Fossil, being wondering at, calls forth a description of great age--
In quiet dark transformed to stone,
Cell after cell to crystal grown,
The pattern stays, the substance gone....
Not quite so old, Tiny Anasazi Woman’s mummy greets her--
How, unconfused, she met the morning sun,
And the pure sky of night,
Knowing no land beyond the great horizons...
Old gods and new abound--
Men of Awatobi,
Killed by men of the Three Mesas,
By arrow, by fire,
Betrayed, trapped in their own kivas.
…
The men of the Three Mesas,
In terror for the peace of the great kachinas
who hold the world together,
Who hold creation in balance,
Took council, acted...
And wind cries “Janet”--
The sunlight pours unshaken through the wind...
II
Navajo thinks like Eskimo:
Singing in duet, water and snow demand their due vocabulary--
Tsaile, Chinle,
Water flowing in, flowing out.
Slow water caught in a pool,
Caught in a gourd;
Water upon the lips, in the throat:
Falling upon longhair
Loosened in ceremony:
Fringes of rain sweeping darkly
From the dark side of a cloud,
Riding the air in sunlight,
Issuing cold from a rock,
Transparent as air, or darkened
With earth, bloodstained, grief-heavy;
In a country of no dew, snow
Softly pile, or stinging
in bitter wind...
The earth and the sky were constant,
But water,
How could they name it with one name?
III
Quebec falls and Sun rises over British Empire--
That September day the English appeared so suddenly that they seemed to have dropped from the sky; appeared, and fired. A warm rain fell now and again upon the troops, and the smoke from the rifles [muskets in fact] lay in long, white streamers, dissipating slowly. The noise of the rifles, reflected from the running water and from the cliffs, was something like thunder, but the rain was too quiet. And running, for the French, had become almost more important than fighting.

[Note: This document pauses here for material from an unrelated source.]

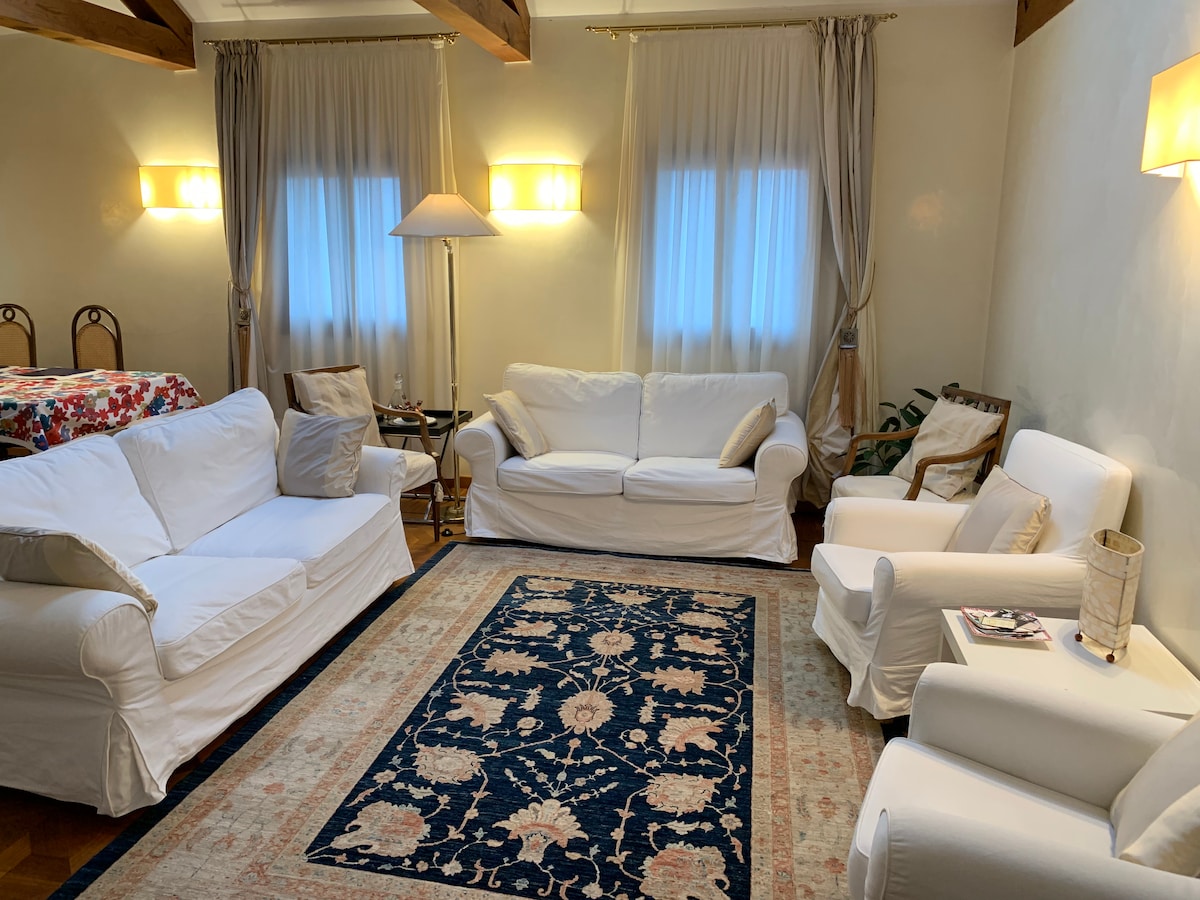 The living room has a remarkable view over the wide campo S. Maurizio where a periodic and characteristic antiques market takes place; from the living room you can admire important gothic buildings and the homonymous neoclassic church built by the Venetian architect Gianantonio Selva with its majestic bell tower.
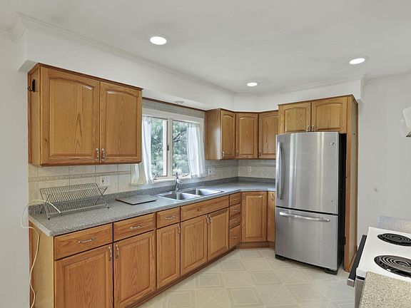 The kitchen, warm & inviting, features easy-to-clean Corian countertops & a newer stainless-steel GE refrigerator, with all appliances conveying, so your culinary journey begins with zero hassle. Beyond the kitchen, sliding glass doors open into a bright three-season room that overlooks your private, fenced yard—perfect for quiet mornings or relaxed evenings.

“The head of Montcalm lay upon the breast of Ma-mongazid, the young Ojibway, the dark sorrowful face, with its war paint of vermillion and white, intent above the French face graying rapidly. Presently they took the Marquis to the hospital in St. Charles, where he died. Ma-mongazid with his warriors in thirty bark canoes returned to pointe Chegoimegon through the yellowing woods and increasing storms of autumn. The rule of the French was over, the province of Michilimackinac had become the Northwest Territory. The Ojibways called the English Saugaunosh, the Dropped-From-The-Clouds, and regretted the French."
Abraham cries out
Angel grabs the knife
Hands it to Yvor’s wife
Granting her long life
Amid a jungle of words
While roller skating the buffalo heard
She placed each just so
So snow and Navajo
Become friendly
With Eskimo and ice
Sun comes up
Water runs off
Makes canyons in the plains
IV
And along came McMurtree, a big fan of Sutree
Sacajawea/Janey/Mrs. Cherbono/The Squat/Myth-Woman/Pomp’s Mom
Speaking of whom...
Shaqua Jawea was a first string guard for the Mighty Mandans Female Lacrosse league team. She knew very little besides weaving in and out, everyday weaving, corn-pounding, skin dressing, tipi construction, cooking, plus she had experience at babysitting, having been with TaoSaint Cherbonno, rather a clown in buckskin, if you believe Clark and Lewis. She happened to be married to this man who was hired to guide the Corps of Discovery and was swept along upstream as they left for higher elevations in spring of 1805, using their boat--sometimes propelling it upstream with wind, dragging it along with ropes, and most other times using only their hands and their feet and long poles, all the time being told to put their backs into it as well.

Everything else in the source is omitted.